Blowing and sneezing: Make sure not to blow or sneeze after extraction as it creates a negative pressure thereby dislodging the clot and making the conditions favorable for dry socket.
Don’t spit minimum for 24 hours after tooth extraction because it can dislodge the clot. If the clot is dislodged you can have very painful condition known as dry socket. In case of dry socket, physiologic clot is lose both in quantity and quality. Afterwards one should spit 3-4 times in a day so that no food is lodged near the area where the tooth is removed. Dentist may advice CHLOROHEXIDINE mouth rinses as they kill bacteria.
Anesthetic feeling:
It shouldn’t be a matter of worry if you feel numb even after surgery, as the period of numbness depends upon the area and dosage where anesthesia was given. So, it may vary for 6 hours to as long as a day. Make sure not to chew or bite something from that area.

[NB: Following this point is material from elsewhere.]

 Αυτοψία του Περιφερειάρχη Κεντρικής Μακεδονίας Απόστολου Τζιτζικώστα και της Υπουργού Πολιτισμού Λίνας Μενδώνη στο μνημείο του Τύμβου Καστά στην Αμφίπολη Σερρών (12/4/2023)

Nausea: Feeling of nausea is also common after extraction. There are situations when anything you eat goes out. To get rid of nausea, take a teaspoon of Jell-O mix and
Don’t smoke for 48 hours after tooth extraction as the chemicals in the smoke can effect the clot and hence the chances of developing dry socket 3-4 days after tooth extraction increases.
Don’t take solids immediately after Tooth Extraction till the numbness
is there. When you start feeling your jaws you can start taking solids. After tooth extraction, take soft and liquid foods like soups, mashed potatoes, yogurts, milkshakes, smoothies etc.
Warm saline rinses:
The main aim of rinsing is to clean the area of extraction as it is not possible to brush the socket. We mix salt to make the solution isotonic and similar to natural tissue fluid and thus it is less irritating than water. Rinsing is usually advised 12 hours after extraction. So, warm saline rinses help in cleaning and maintaining the hygiene of that area.

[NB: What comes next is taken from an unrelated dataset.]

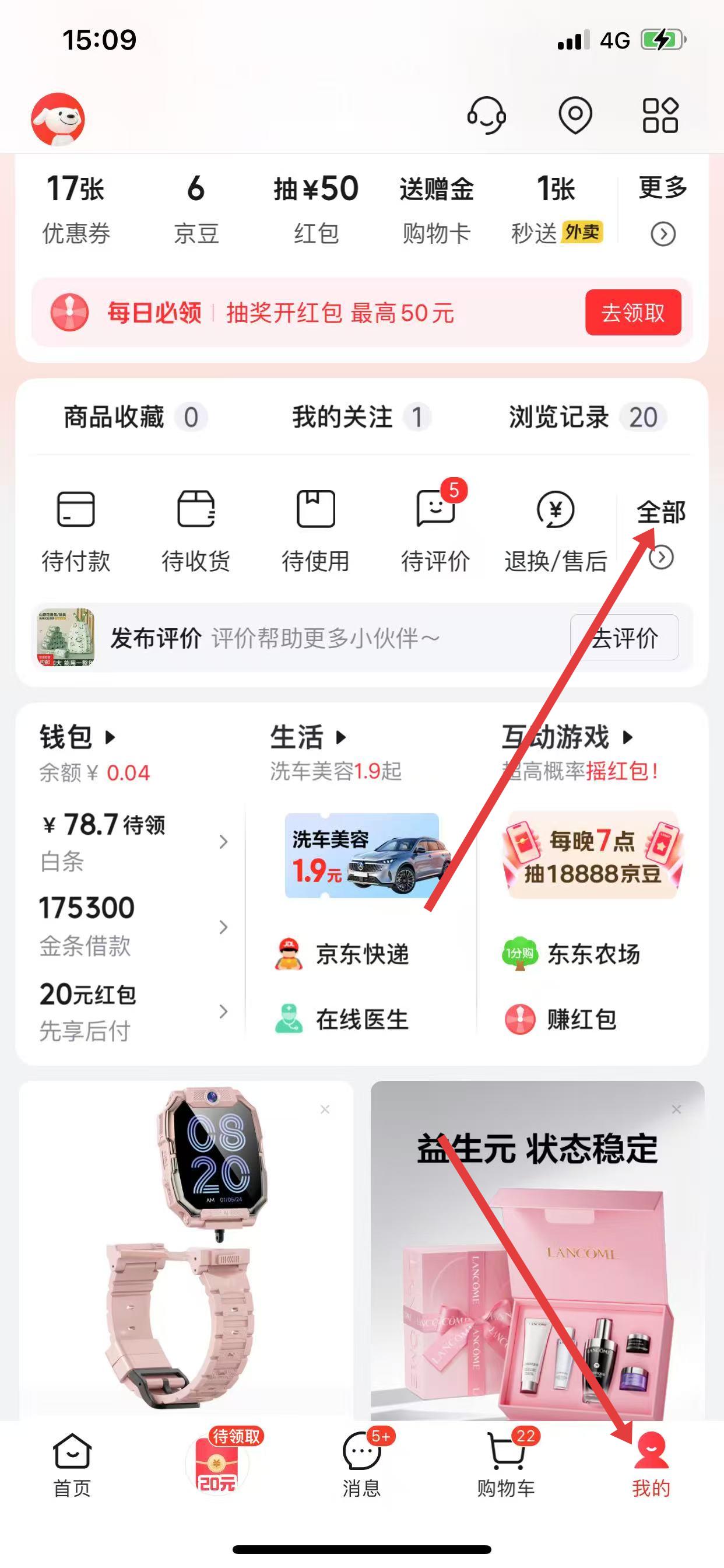 1、打开京东APP,点击底部导航栏中的我的,找到并点击全部,进入订单列表页面。

Take your medicines as prescribed by your dentist. Don’t skip the medicines. If antibiotics are given they should be taken regularly. Pain killers and anti-inflammatory drugs are to be taken after tooth extraction. It help in reducing the pain and swelling. If the pain continues even after two days of tooth extraction and bleeding starts then you should call your dentist.
Avoid Aspirin:
Don’t ever take aspirin (Can take ibuprofen). Aspiring being a blood thinner will delay in clot formation thereby will prevent healing. Take the medications as prescribed by the physician and consult your dentist before taking any medicine.
Avoid Sucking of any type – SMOKING, SIPPING, EATING HARD VEGETABLES are to be avoided after tooth extraction. Try taking soft and liquid food options such as soups, mashed potatoes, yogurts, milkshakes, smoothies etc. after tooth extraction. Avoid hot drinks, spicy foods, sodas, etc.
If you are daring enough to avoid these instructions, you may be a strong contender for some complications.
Don’t poke into the gap created: Though for initial few days, it will feel a bit awkward to have a gap but don’t poke that area with any toothpick or tongue as it may delay healing, may provoke bleeding and can also lead to dry socket.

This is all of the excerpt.